Le marketing viral et les réseaux sociaux ont d'ailleurs joué un rôle crucial dans l'émergence de ces nouveaux produits. Une fois l'objet de leur convoitise en main, les jeunes clients de Heytea et de Yi Dian Dian se hâtent d'ailleurs de publiciser leurs achats en diffusant un nombre impressionnant d'égo-portraits sur leurs réseaux sociaux.

 

« Le thé aux bulles s'est répandu comme une traînée de poudre en Chine grâce à un modèle de franchise caractérisé par des coûts peu élevés, des recettes faciles à reproduire et une population qui préfère le thé au café », pouvait-on lire dans un rapport de la société de conseils américaine Orbis Research sur l'industrie du thé en Chine.

 

 Innover dans la tradition

 

De fait, le thé au fromage si prisé n'est que le dernier d'une série de produits de thé qui ont déferlé sur la Chine au cours des dix dernières années. On peut faire remonter cet engouement pour le thé à Taiwan, où est né le « thé aux bulles » dans les années 1990.

 

Servi dans un grand verre au fond duquel on trouve des grosses perles de tapioca moelleuses, ce thé crémeux et sucré est bu à l'aide d'une large paille.
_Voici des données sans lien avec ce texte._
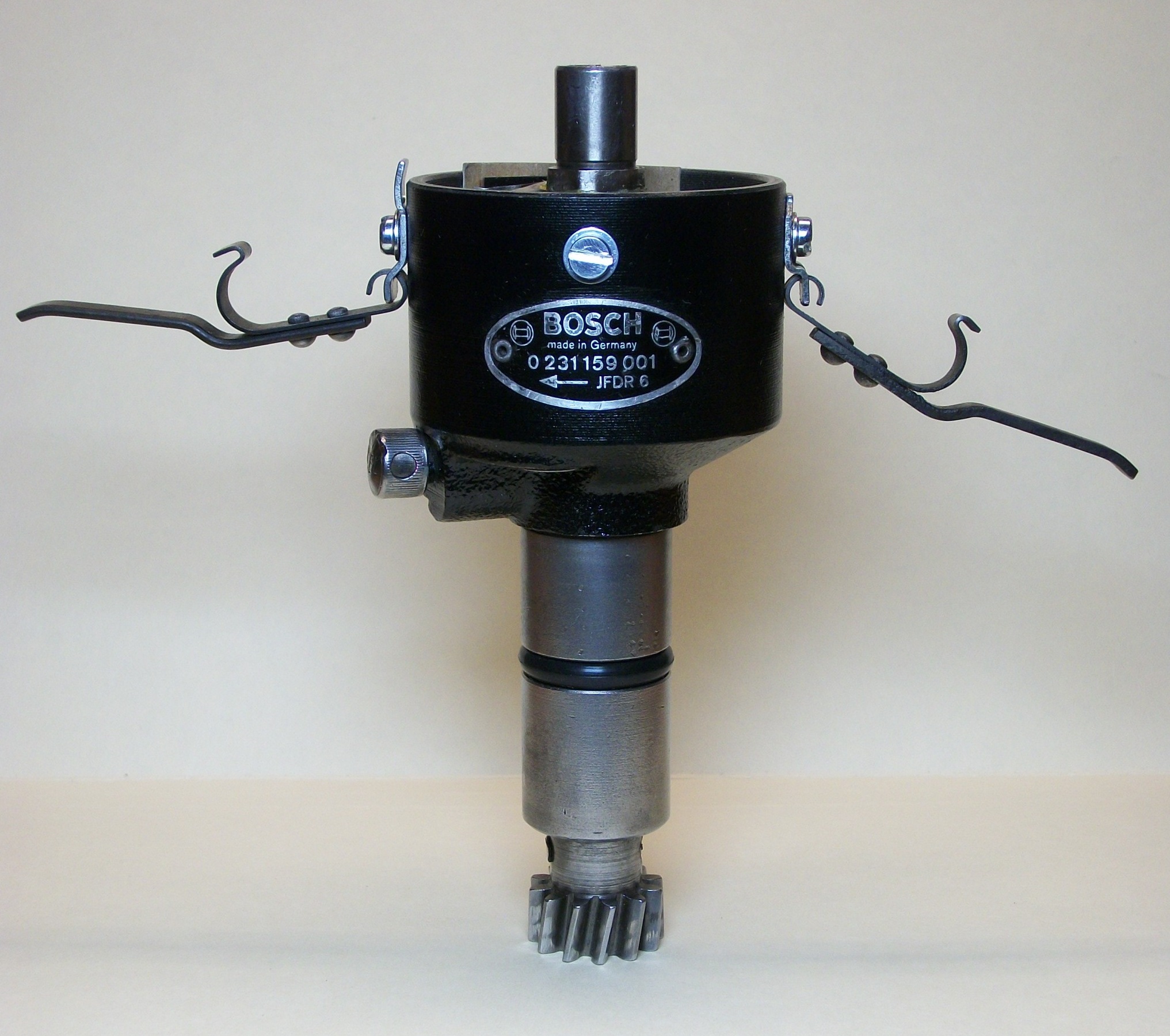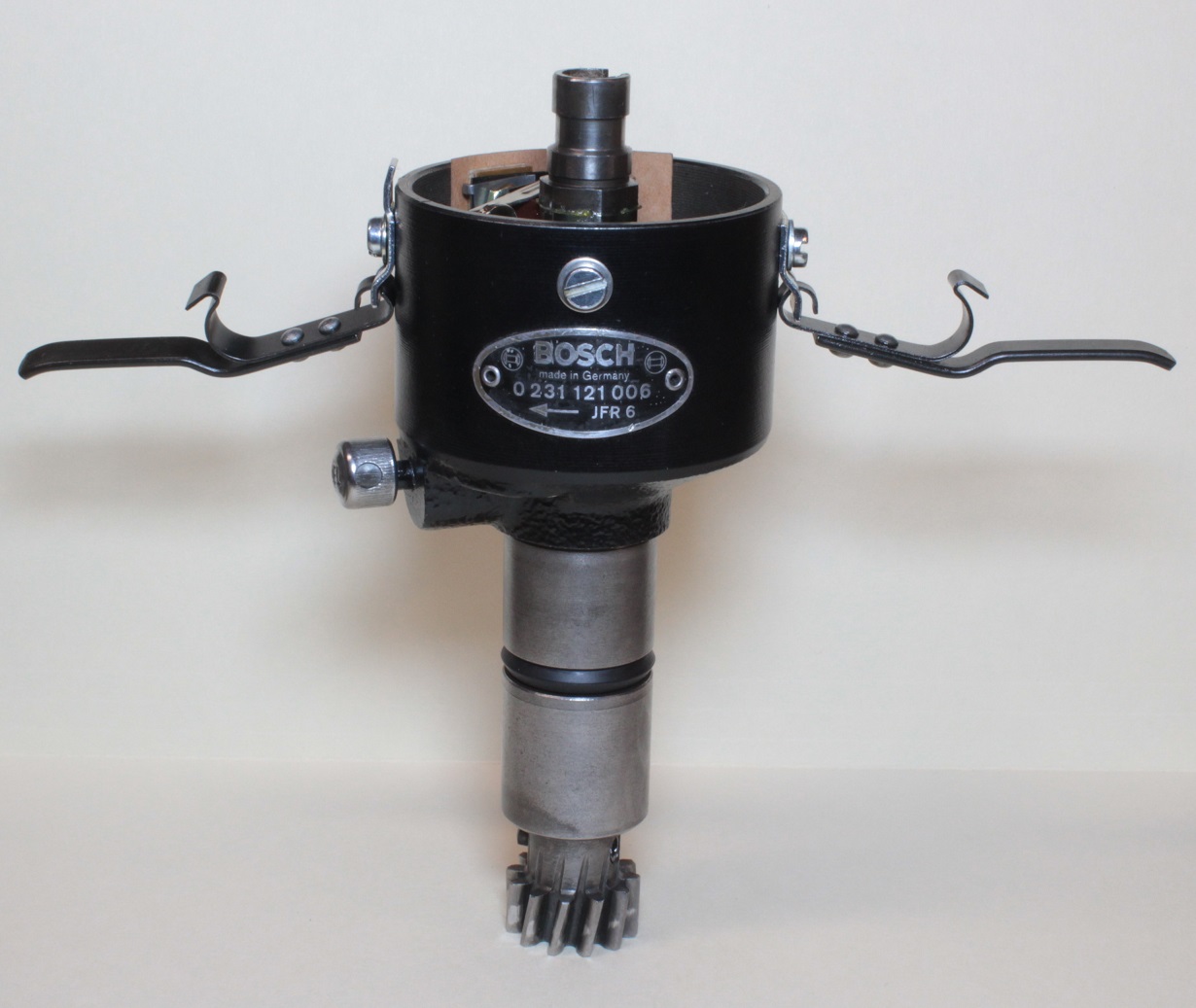 Bosch distributors for early Porsche 911s were originally the cast iron type until about 1968 when aluminum bodied units were introduced. The advance curves for 911 distributors are often two stages, created my a unequal weighting and configuration of the casting arms. This can be seen in several of the advance curves below, shown together with pictures of the advance assemblies. Distributors like the 0 231 121 006 reaches a maximum advance near 30° at high revs, needing less static advance than distributors like the 0 231 159 002. Porsche matched distributors to engine and model type as shown in the table below. Some degree of crossover is possible, as is some 'tuning' of the advance curve. But hard limits and transitions are determined by the design of the advance mechanism and are difficult to modify. In most cases, the distributor designed for a particular Porsche model is the best choice.

La recette de base a subi nombre d'innovations au cours des années, en ajoutant des fruits, du pudding de crème anglaise, des boulettes de patates douces, etc., prouvant une fois de plus que tous les goûts sont dans la nature. Ayant pris d'assaut la Chine, et rapidement le reste du monde, le thé aux bulles a ouvert la porte à la vague actuelle de nouveaux produits.

 

« Les jeunes veulent volontiers essayer de nouvelles choses, ils préfèrent des boissons froides et la fraîcheur, nous avons donc tenté de satisfaire à leurs demandes, explique Nie Yunchen, qui a créé Heytea en 2012 dans la province du Guangdong. Nous voulons offrir des expériences qui émerveilleront nos consommateurs. » Si l'on en juge par les queues interminables qui se forment dès le matin devant les franchises de Heytea, il a en effet misé dans le mille.

 

 

*FRANÇOIS DUBE est un journaliste canadien basé à Beijing.